Search code examples
rggplot2linear-regression

Clarifying the aim of linear regression with multiple predictor variables and how to plot using ggplot2


I'm trying to learn the intricacies of linear regression for prediction, and I'd like to ask two questions:

  1. I've got one dependent variable (call it X) and, let's say, ten independent variables. I can use lm() to generate a model. But my question is this: is the aim of generating a model (or, more likely, multiple models) to identify the single best predictor of X, or is the aim to discover the best combination of predictors of X? I assumed the latter, but after several hours of reading online I am now unsure.

  2. If the aim is to discover the best combination of predictors of X, then (once I've identified that combination) how is a combination plotted properly? Plotting one line is easy, but for a combination would it be proper to (a) plot ten distinct regression lines (one per independent variable) or (b) plot a single line that somehow represents the combination? I've provided the summary() I'm working with in case it facilitates answering this question. enter image description here


Solution

  • Is the aim of generating a model (or, more likely, multiple models) to identify the single best predictor of X, or is the aim to discover the best combination of predictors of X?

    This depends mainly on the situation/context you are in. If you are always going to have access to these predictors, then yes, you'd like to identify the best model that will (likely) use a combination of these predictors. Obviously you want to keep in mind issues like overfitting and make sure the predictors you include are actually contributing something meaningful to your model, but there's no reason not to include multiple predictors if they make your model meaningfully better.

    However, in many real world scenarios predictors are not free. It might cost $10,000 to collect each predictor and the organization you are working for only has the budget to collect one predictor. Thus, you might only be interested in the single best predictor because it is not practical to collect more than one going forward. In this case you'd also just be interested in how well that variable predicts in a simple regression, not a multiple regression, since you won't be controlling for other variables in the future anyway (but looking at the multiple regression results could still provide insight).

    how is a combination plotted properly?

    Again, this depends on context. However, in most cases you probably don't want to plot 10 regression lines because that's too overwhelming to look at and you will probably never have 10 variables that meaningfully contribute to your model. I'm actually kind of surprised your adjusted R^2 is not lower given you have quite a few variables so close to zero, unless they're just on massive scales.

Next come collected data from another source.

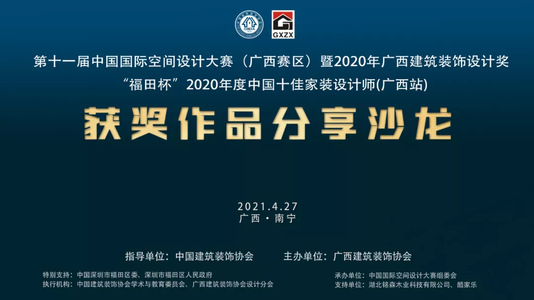 2021年4月27日,协会在南宁举办第十一届中国国际空间设计大赛(广西赛区)暨2020年广西建筑装饰设计奖获奖作品分享沙龙,来自全区各地约300名企业、高校的设计师参加活动。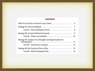 The document outlines an agenda for a 360 feedback session, focusing on receiving and sharing feedback, developing competencies, and self-development strategies. It includes guidelines for both giving and receiving feedback, understanding reactions to feedback, and analyzing feedback reports. Additionally, it provides tools and strategies for personal performance analysis and goal setting to improve professional development.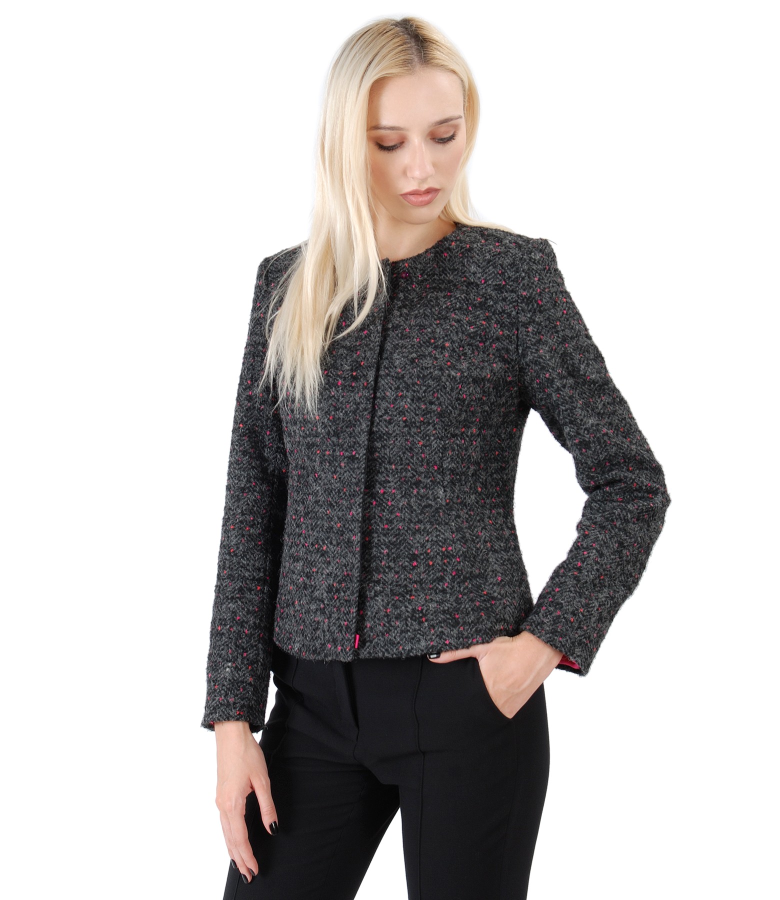 Jacket without collar, made of wool and alpaca loops, lined, with neckline around the neck embellished with crystals at the decolletage. It closes with 5 mos-baba staples on the front.

    First, who is viewing this graph? Is it you? If so, what information do you need to see that isn't being conveyed by the beta parameters? If it's someone else, who are they? Are they a stakeholder who knows nothing about statistics? If that's the case, you want a pretty simple graph that drives home your main point. Second, what is the purpose of your predictions and how does the process you are predicting unfold in the real world? Let's say I'm predicting how well people perform on the job given their scores on some different selection measures. The first thing you need to consider is, how is that selection happening? Are candidates screened on their answers to some personality questions and only the top scorers get an interview? In that case, it might be useful to create multiple graphs that show that process. However, candidates might be reviewed holistically and assigned a sum score based on all these predictors. In that case one regression line makes sense because you are interested in how these predictors act in concert.

    There is no one answer to this question because the answers depend on the reason you're doing a regression in the first place. Once you identify the reason you're trying to predict this thing and the context that the process is happening in you should probably be able to determine what makes most sense. There is no "right" answer you'll find in a textbook because most real life problems are not in textbooks.